[←前頁] [RED文庫] [「WILD BLOOD」TOP] [新・読書感想文] [次頁→]
いよいよ薫の出番が来た。
忍足薫の登場に、会場のボルテージが上がる。試合会場になっている体育館は二つに分けられ、もう片方では別の試合が行われているというのにお構いなしだ。
「忍足、頼むぞ!」
主将の大沢加世から声がかかる。振り向いた薫は力強くうなずいた。
一回戦Bブロックの第六試合。
琳昭館高校の相手は、須郷東高校だ。それほど強豪校というわけではない。
須郷東は五人のメンバー全員を二年生で固めており、先鋒は吉田という選手だった。身長は薫と同じくらいか。挙動の一部始終から、やや緊張しているのが窺える。
まず審判に一礼し、相手に対して一礼。開始線で竹刀を構え、蹲踞。立ちあがり――
「始めッ!」
「せやああっ!」
吉田選手は中段の構えだった。薫がスッと前に出ると、相手も下がる。間合いを確保するというよりは、薫を必要以上に警戒しての動きだ。薫の名は知っているだろう。まさか先鋒戦でいきなり出てくるとは思っていなかったに違いない。
薫は仕掛けた。面を狙う。吉田選手は下がりながら、懸命に防御に徹す。しかし、薫の攻めは苛烈で、危うく場外へ出そうになった。
(イケるっ!)
相手がそれほど強くないのはすぐに分かった。一気に畳みかける。相手は防戦一方。面打ちを凌ぐのに精一杯だ。
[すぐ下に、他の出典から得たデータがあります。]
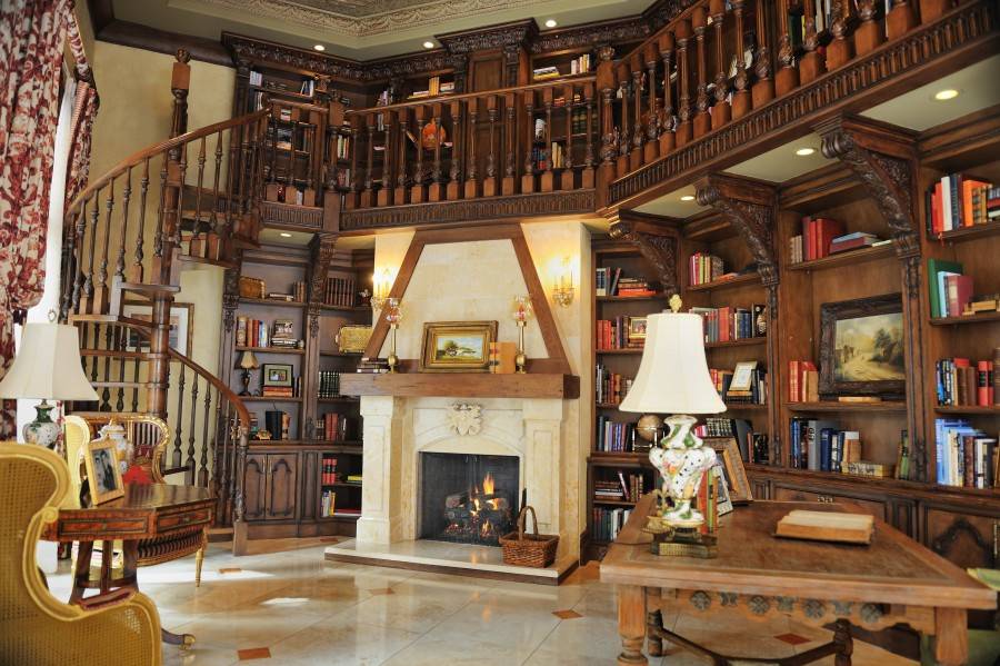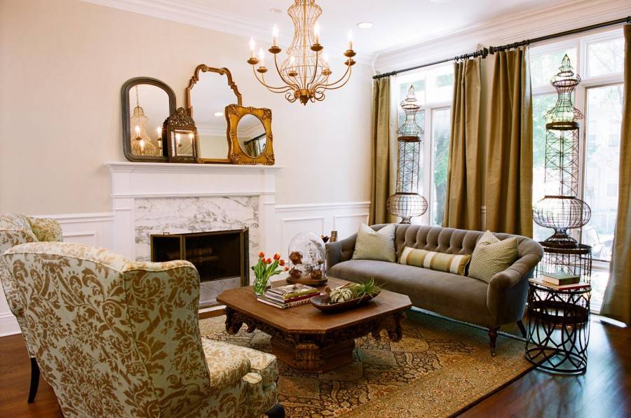 Облицовывать камин можно различными материалами в виде мрамора, древесины или известковых панелей. На полочке над камином принято выставлять часы, скульптуры из бронзы, вазоны с цветочками и табакерки с портсигарами.
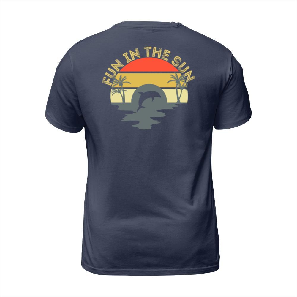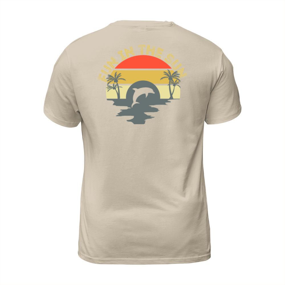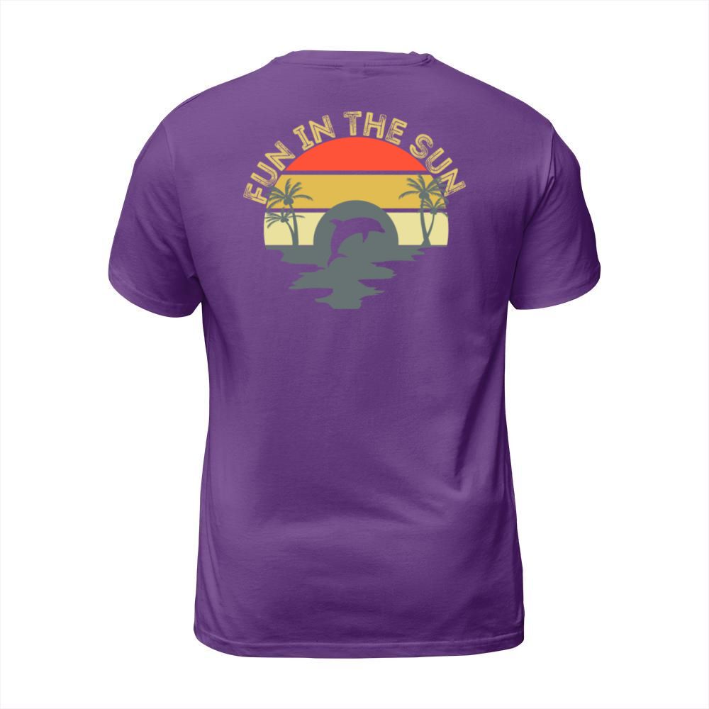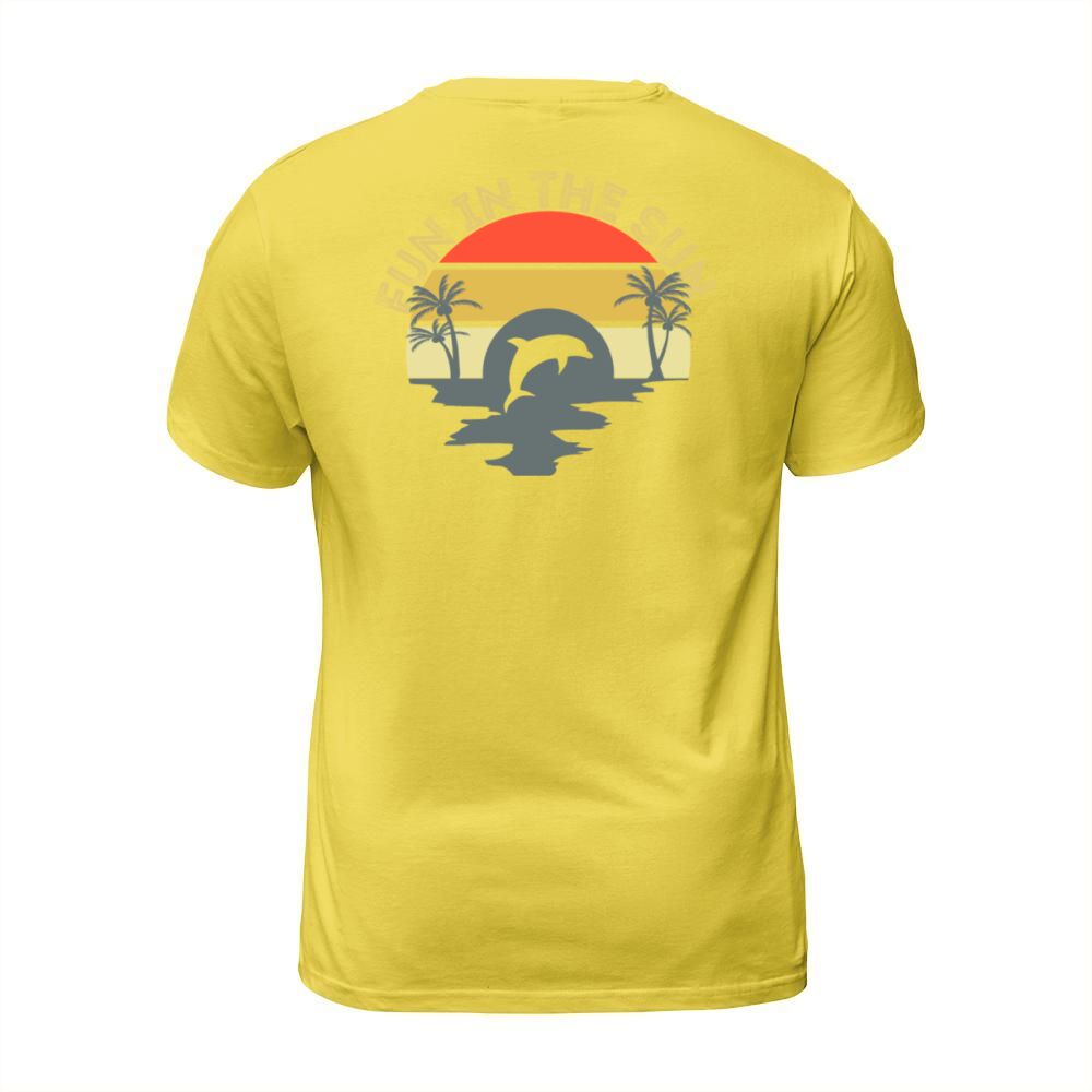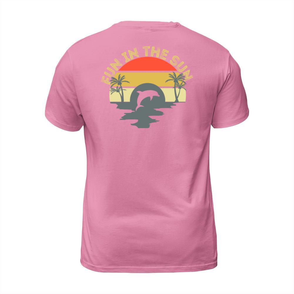 Shop Fun In The Sun Dolphin Palm Trees Retro Sunset T-Shirt Unisex custom made just for you. Available on many styles, sizes, and colors.

薫は不意に手を緩めた。相手は一瞬、虚を突かれる。止んだ攻撃。そのホッとした瞬間が気を抜かせ、つられたように動きまでも止めてしまう。
「ドォォォォォォッ!」
その隙を狙っての抜き胴。赤旗が一斉に上がる。
わあああああっ、という歓声が大きくなった。薫の一本。開始から、まだ二十秒も経っていないだろう。
「いいぞ、忍足!」
また加世から声がかかった。他の部員たちも少しは表情を緩め、拍手してくれている。薫はそれに目線で応えつつ、開始線に戻った。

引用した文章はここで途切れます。